Quite right too. A meal is not just calories in a clever arrangement. At its best, it is punctuation in the day. A pause. A gathering. Occasionally even a memory.
Why Brits rush their Sunday lunch
The reasons are not especially mysterious, though they are a bit grim.
When asked what gets in the way of slowing down, 28 per cent cited cost, 27 per cent said lack of time, and 19 per cent blamed distractions. Others said they get bored easily or simply feel they have better things to do.
That last one is a remarkable indictment of modern life. Imagine spending hours preparing a Sunday lunch and then deciding the actual eating of it is the least interesting part.
Menabrea’s experts suggest part of the answer may lie in Britain’s long relationship with tea culture, where a quick brew and a small bite have long been stitched into the day. Add the habits forged during the Industrial Revolution, when workers had precious little time to eat between shifts, and you can see how rushed mealtimes became embedded in the national character.
The British talent for making everything brisk has its uses. It built railways, won wars and produced the queue. But it does a Sunday roast no favours at all.
Italy shows what a meal can still be

In Italy, the attitude remains gloriously different.
A striking 88 per cent of Italians surveyed say a good meal should never be rushed, and many spend at least an hour at the table over lunch. Almost half, 45 per cent, say they never eat dinner in front of the television. Just 4 per cent do it regularly.
Compare that with Britain, where 87 per cent say they eat dinner in front of the TV, and the contrast is not subtle. One culture still treats dining as an event. The other often treats it as background noise.

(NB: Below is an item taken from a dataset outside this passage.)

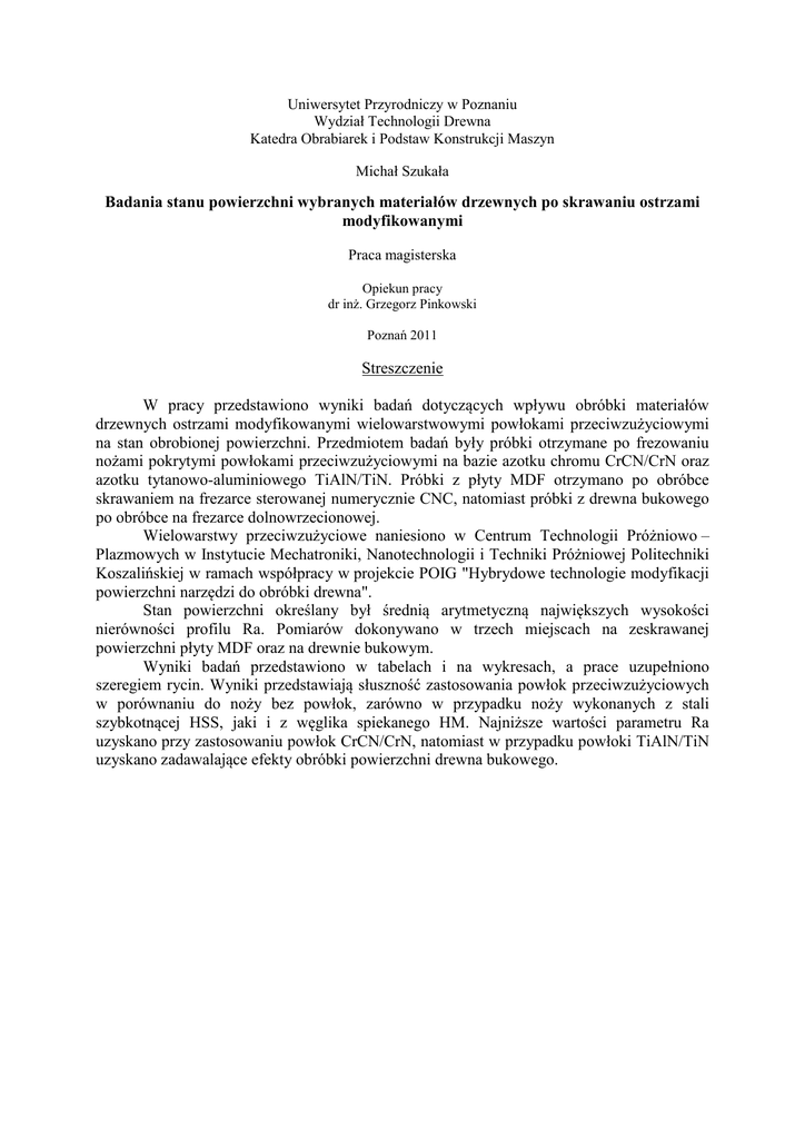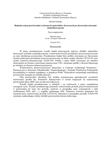 Uniwersytet Przyrodniczy w Poznaniu Wydział Technologii Drewna Katedra Obrabiarek i Podstaw Konstrukcji Maszyn Michał Szukała Badania stanu powierzchni wybranych materiałów drzewnych po skrawaniu ostrzami modyfikowanymi Praca magisterska Opiekun pracy dr inż. Grzegorz Pinkowski Poznań 2011 Streszczenie W pracy przedstawiono wyniki badań dotyczących wpływu obróbki materiałów drzewnych ostrzami modyfikowanymi wielowarstwowymi powłokami przeciwzużyciowymi na stan obrobionej powierzchni. Przedmiotem badań były próbki otrzymane po frezowaniu nożami pokrytymi powłokami przeciwzużyciowymi na bazie azotku chromu CrCN/CrN oraz azotku tytanowo-aluminiowego TiAlN/TiN. Próbki z płyty MDF otrzymano po obróbce skrawaniem na frezarce sterowanej numerycznie CNC, natomiast próbki z drewna bukowego po obróbce na frezarce dolnowrzecionowej. Wielowarstwy przeciwzużyciowe naniesiono w Centrum Technologii Próżniowo – Plazmowych w Instytucie Mechatroniki, Nanotechnologii i Techniki Próżniowej Politechniki Koszalińskiej w ramach współpracy w projekcie POIG "Hybrydowe technologie modyfikacji powierzchni narzędzi do obróbki drewna". Stan powierzchni określany był średnią arytmetyczną największych wysokości nierówności profilu Ra. Pomiarów dokonywano w trzech miejscach na zeskrawanej powierzchni płyty MDF oraz na drewnie bukowym. Wyniki badań przedstawiono w tabelach i na wykresach, a prace uzupełniono szeregiem rycin. Wyniki przedstawiają słuszność zastosowania powłok przeciwzużyciowych w porównaniu do noży bez powłok, zarówno w przypadku noży wykonanych z stali szybkotnącej HSS, jaki i z węglika spiekanego HM. Najniższe wartości parametru Ra uzyskano przy zastosowaniu powłok CrCN/CrN, natomiast w przypadku powłoki TiAlN/TiN uzyskano zadawalające efekty obróbki powierzchni drewna bukowego.

That is what makes the Mediterranean approach so appealing. It is not only about food quality, though that helps. It is about tempo. Meals are allowed to breathe. The table is not merely where eating happens, but where the day slows down enough for people to notice each other.
Modern life is rushing more than just roast dinners
This is not only a Sunday lunch issue. It is a broader national habit.
More than a third of Brits, 36 per cent, say they have rushed family meals because of time pressures. Exercising, drinks with friends and lunches with mates are all being shortened by busy schedules. One in six have even cut dates short because they had other things to do.
That tells you plenty. The rush is no longer limited to work. It has spread into the places that are supposed to make life feel like life.
And yet there is a revealing twist in the findings. A full 90 per cent of Brits say they would love to adopt a more European approach to dining. So the appetite for change is clearly there. The difficulty is not desire. It is habit. Sixteen per cent admit they simply struggle to switch off and relax at mealtimes.
Can Sunday lunch be rescued?
It probably can, though not with another lecture about mindfulness delivered over a lukewarm carrot.
The answer may be simpler than that. Put the phone down. Sit a little longer. Pour another drink. Let the gravy settle. Ask a second question. Treat the roast dinner as something more than a task to complete before the washing-up begins.
Because the British Sunday lunch is still one of the great institutions of domestic life. It smells like home, sounds like clattering plates and low-level family debate, and carries the sort of emotional weight that no midweek sandwich could ever dream of. But if it is going to remain a ritual rather than a race, it needs reclaiming from the cult of hurry.
A proper Sunday roast should not feel like a timed event. It should feel like the one part of the week that does not need timing at all.